Zongzi
1.
Wash the zong leaves with clean water.
2.
Cut pork into large pieces.
3.
Put it in a large basin and mix in the condiments.
4.
Add salt.
5.
Mix well, cover with plastic wrap and put in the refrigerator to keep fresh, marinate for more than 2 hours, or overnight.
6.
Wash the mushrooms and soak them in warm water.
7.
Cut into small pieces.
8.
Rinse scallops, dried shrimps, and dried vegetables with clean water, drain and prepare.
9.
Heat oil in a pot, add scallops and fry them, drain the oil and remove.
10.
The dried shrimps are also cooked and cooked.
11.
Add the shiitake mushrooms, fry a few times, and add in some salt and soy sauce.
12.
Take it out when it's cooked.
13.
Stir-fry dried preserved vegetables to get the fragrance and remove.
14.
Peanuts are scalded with boiling water to remove the astringent water and drain.
15.
Add salt and mix well.
16.
Wash the glutinous rice with clean water.
17.
Add salt and mix well.
18.
Pour peanuts into glutinous rice.
19.
Mix well again.
20.
All materials are ready.
21.
Roll up the zongxiang and put a layer of glutinous rice and peanuts first.
22.
Then add dried shrimps, shiitake mushrooms, scallops, dried vegetables, and pork. (It depends on personal preference.

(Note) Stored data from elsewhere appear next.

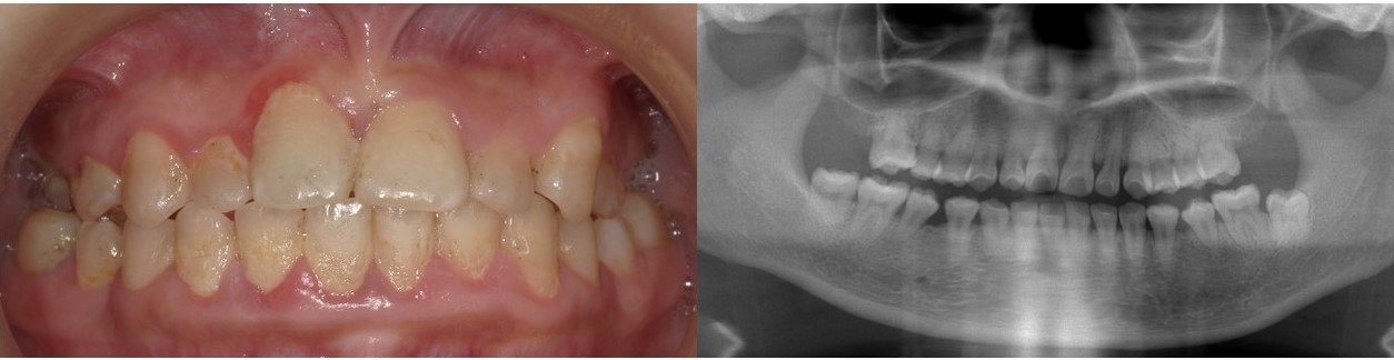 子どもにおいて歯周炎は極めて稀ですが、全身の病気に伴って生じることがあります(図9)。そこで、歯周炎を呈する子どもの症例に遭遇した際には、小児歯科専門医にご柑談いただきたいと思います。
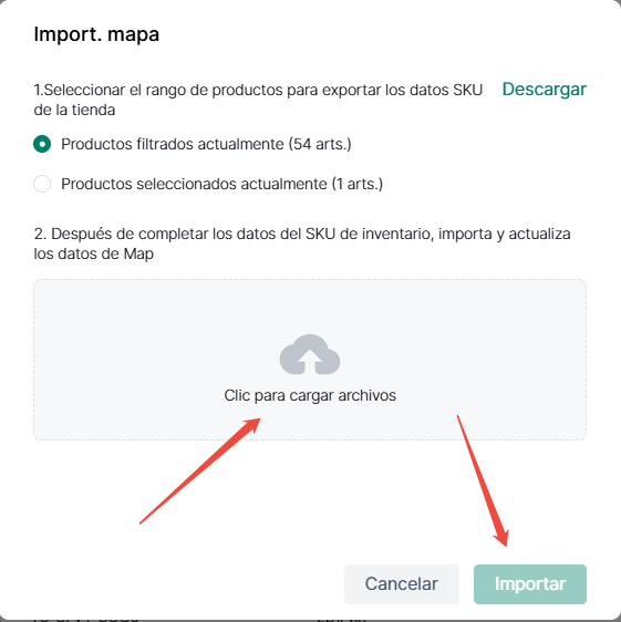 2. Selecciona el rango de productos a exportar y haz clic en Descargar > Descargar archivo.
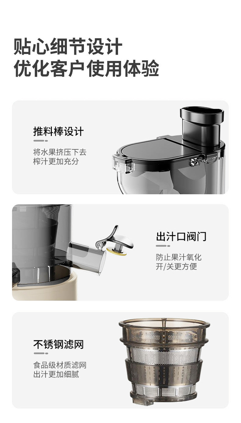 大口径榨汁机家用破壁豆浆机原汁机水果渣汁分离
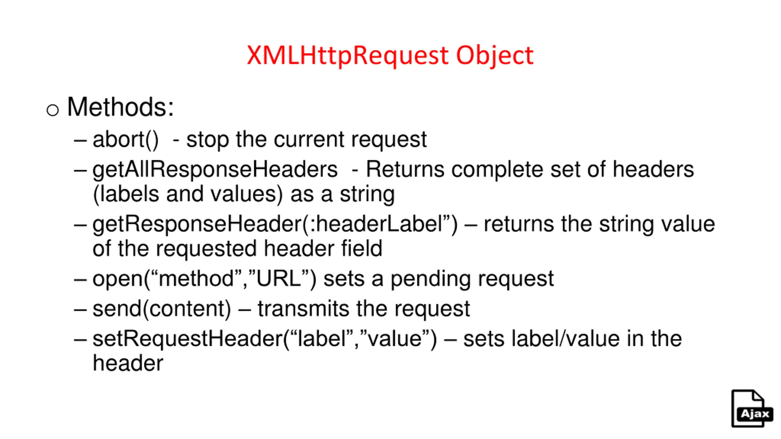 XMLHttpRequest Object o Methods: abort() - stop the current request getAllResponseHeaders - Returns complete set of headers (labels and values) as a string getResponseHeader(:headerLabel ) returns the string value of the requested header field open( method , URL ) sets a pending request send(content) transmits the request setRequestHeader( label , value ) sets label/value in the header
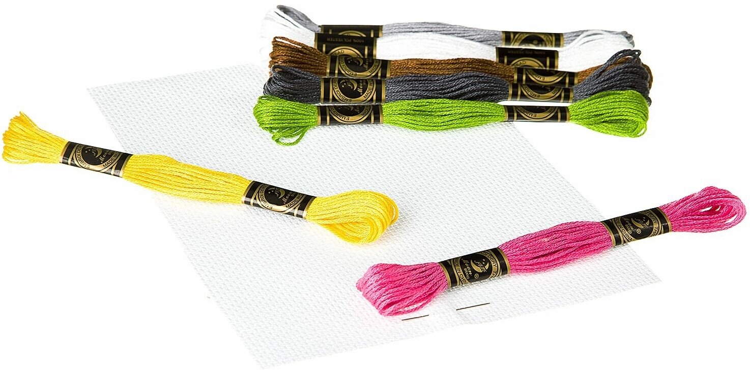 Состав набора: нити-мулине, канва, цветная схема для вышивки, игла, инструкция.

Some family members like it and others don’t, so I have some, but some don’t.)
23.
Put another layer of rice.
24.
Put the ingredients again.
25.
Finally fill up the rice.
26.
Close the zong leaves.
27.
After rolling one side and the other side, the package is tight.
28.
Tie tightly with thread.
29.
Boil the water in the pressure cooker, do not cover when boiling, put the wrapped rice dumplings after the water is boiled, and then close the lid. Counting from breathing up, for 40 minutes, turn off the heat.
30.
Open the lid of the pot until the pressure is over, remove the rice dumplings, and drain the water.
31.
Finished product.
32.
The finished product, I personally think that the rice dumplings are more delicious when cooled.